# Work instruction
Below are records with pictures; copy word for word only the lines between the line with "New Calvin Klein" and the line with "On February 16, 2022, investigators", inclusive, and drop the pictures.

Top of Given records

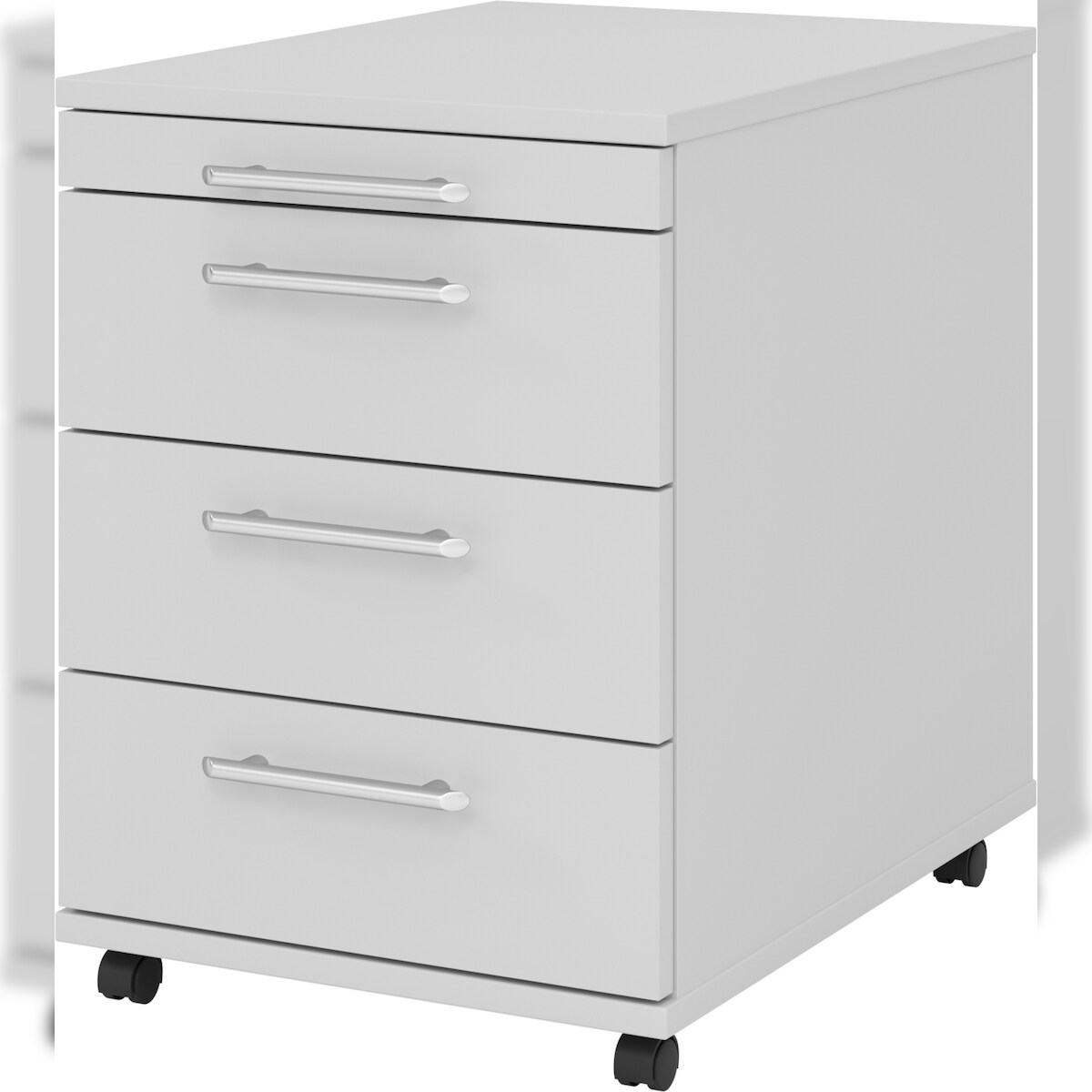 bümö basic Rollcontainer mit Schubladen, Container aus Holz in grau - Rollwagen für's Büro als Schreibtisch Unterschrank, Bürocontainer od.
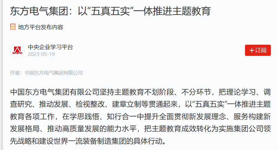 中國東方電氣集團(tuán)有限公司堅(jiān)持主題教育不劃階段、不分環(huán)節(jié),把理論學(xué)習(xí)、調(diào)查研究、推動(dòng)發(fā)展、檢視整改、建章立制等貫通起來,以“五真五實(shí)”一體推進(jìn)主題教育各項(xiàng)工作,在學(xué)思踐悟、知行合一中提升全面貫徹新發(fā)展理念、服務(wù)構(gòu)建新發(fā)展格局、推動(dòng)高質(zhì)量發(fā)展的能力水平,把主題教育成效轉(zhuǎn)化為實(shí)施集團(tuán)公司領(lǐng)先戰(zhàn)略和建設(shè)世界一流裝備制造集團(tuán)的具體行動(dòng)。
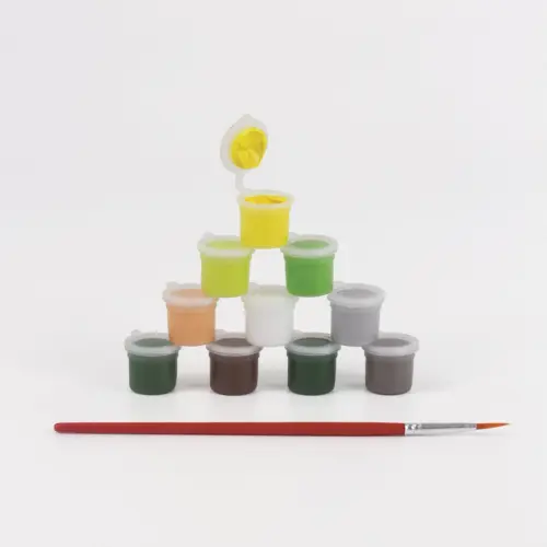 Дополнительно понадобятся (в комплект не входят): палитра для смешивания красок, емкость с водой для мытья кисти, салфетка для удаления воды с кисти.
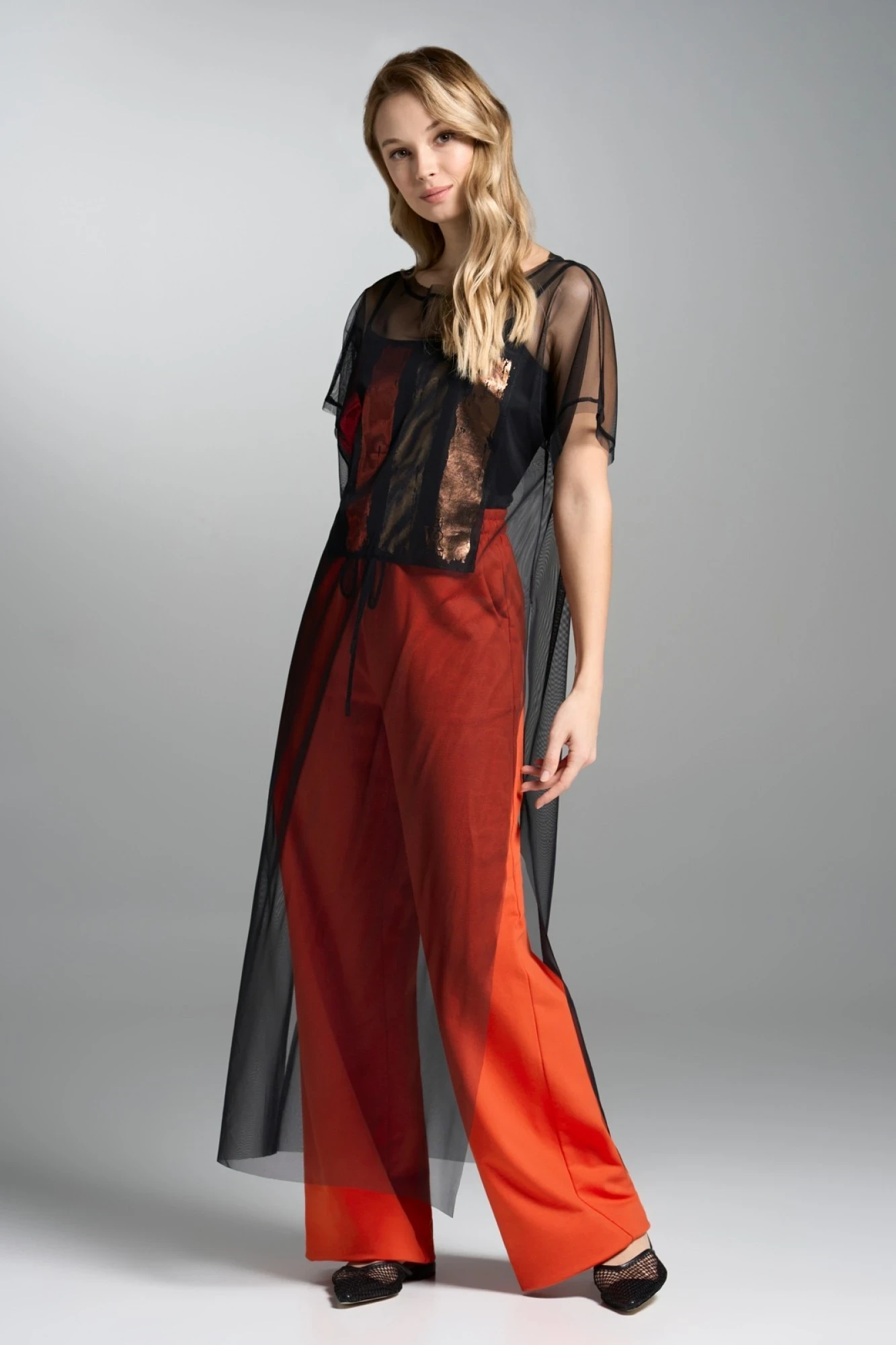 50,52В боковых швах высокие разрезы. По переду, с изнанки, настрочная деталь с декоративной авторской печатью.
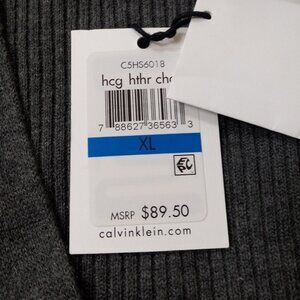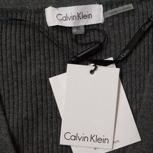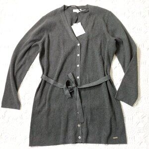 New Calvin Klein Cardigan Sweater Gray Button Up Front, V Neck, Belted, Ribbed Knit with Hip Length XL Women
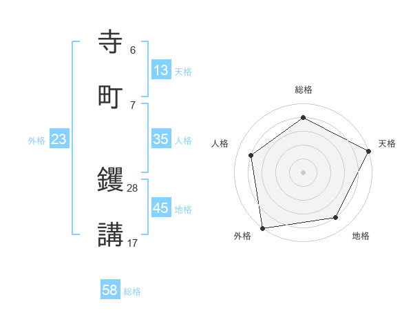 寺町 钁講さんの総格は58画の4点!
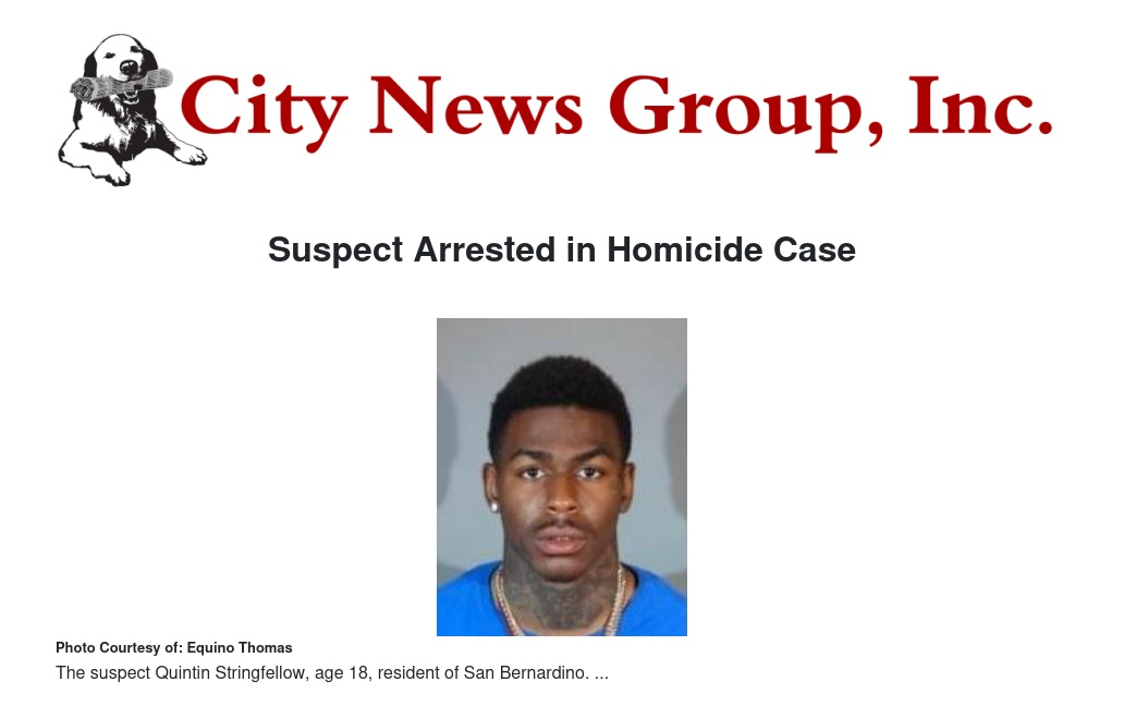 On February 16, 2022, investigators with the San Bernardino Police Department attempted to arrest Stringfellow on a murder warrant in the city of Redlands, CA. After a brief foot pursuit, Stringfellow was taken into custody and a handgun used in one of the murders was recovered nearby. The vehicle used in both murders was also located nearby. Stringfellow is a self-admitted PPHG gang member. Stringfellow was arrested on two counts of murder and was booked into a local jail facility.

Bottom of Given records
Top of Given records

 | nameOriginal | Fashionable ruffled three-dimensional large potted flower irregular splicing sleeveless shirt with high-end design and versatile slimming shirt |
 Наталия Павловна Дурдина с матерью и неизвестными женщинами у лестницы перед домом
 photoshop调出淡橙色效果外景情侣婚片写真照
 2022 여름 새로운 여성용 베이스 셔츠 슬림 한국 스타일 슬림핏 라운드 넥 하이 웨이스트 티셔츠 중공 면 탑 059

Bottom of Given records

# Response area
 New Calvin Klein Cardigan Sweater Gray Button Up Front, V Neck, Belted, Ribbed Knit with Hip Length XL Women
 寺町 钁講さんの総格は58画の4点!
 On February 16, 2022, investigators with the San Bernardino Police Department attempted to arrest Stringfellow on a murder warrant in the city of Redlands, CA. After a brief foot pursuit, Stringfellow was taken into custody and a handgun used in one of the murders was recovered nearby. The vehicle used in both murders was also located nearby. Stringfellow is a self-admitted PPHG gang member. Stringfellow was arrested on two counts of murder and was booked into a local jail facility.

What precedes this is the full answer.